1つはICT総研が発表した、スマートフォンおよびタブレット端末のアプリの需要動向に関する調査の結果。それによると、日本市場の国産アプリの構成比は52%であること、またアプリのユーザー満足度は、iOSが70.2%、Androidが60.2%と、iOSのアプリの満足度が10ポイント上回る結果となりiOSアプリのユーザーのほうがAndroidアプリのユーザーよりも満足度が高いことなどがわかった(関連記事:iOSアプリユーザーはAndroidアプリユーザーより満足度が10ポイント高い--ICT総研)。

もう1つはMMD研究所が発表したスマートフォンアプリに関する調査の結果。
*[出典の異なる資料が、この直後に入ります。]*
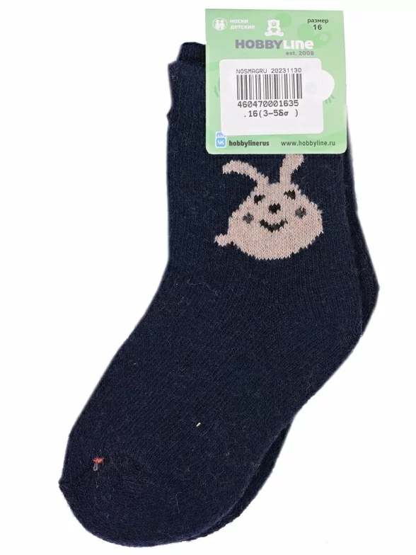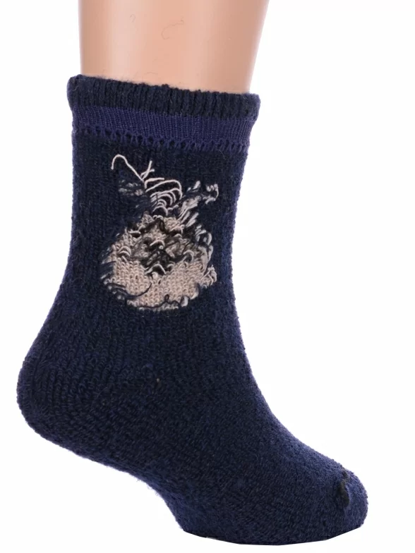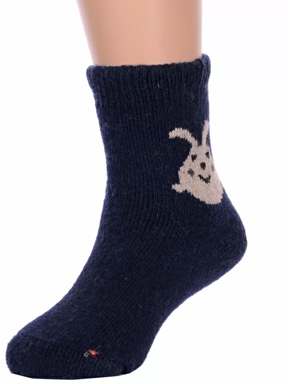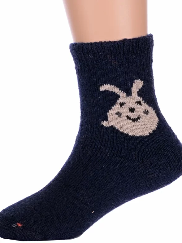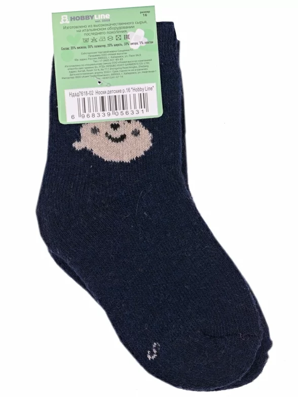 Зимние укороченные детские носки, цвет темно-синий, теплые, повседневные, махровые, шов обычный (не бесшовные), принт (рисунок): животные, с узором, состав: 35% вискоза, 20% шерсть, 10% ангора, 30% полиэстер, 5% эластан, арт. Ндад7618-02. Производитель «Китай, страна бренда - Россия» под брендом «Hobby line».

アプリマーケットの使い勝手に満足しているのは、iOSユーザーでは約7割、Androidユーザーでは5割弱--との結果が得られた。スマートフォンの購入時期は、iOSでは2010年が31.3%、2011年が57.3%であったのに対し、Androidは2010年が13.1%、2011年が75.9%となった。アプリマーケットの使い勝手は、「すごく使いやすい」と「使いやすい」の合計が、iOSユーザーでは69.0%となったのに対し、Androidユーザーでは46.4%にとどまった(関連記事:アプリマーケットの使い勝手、iOSユーザーがAndroidユーザーより高評価--MMD研究所調べ)。

ソフトバンクグループから個人向けのサービスや製品

スマートフォンを楽しく、便利に使うためのサービスと製品がソフトバンクグループの2社から発表されている。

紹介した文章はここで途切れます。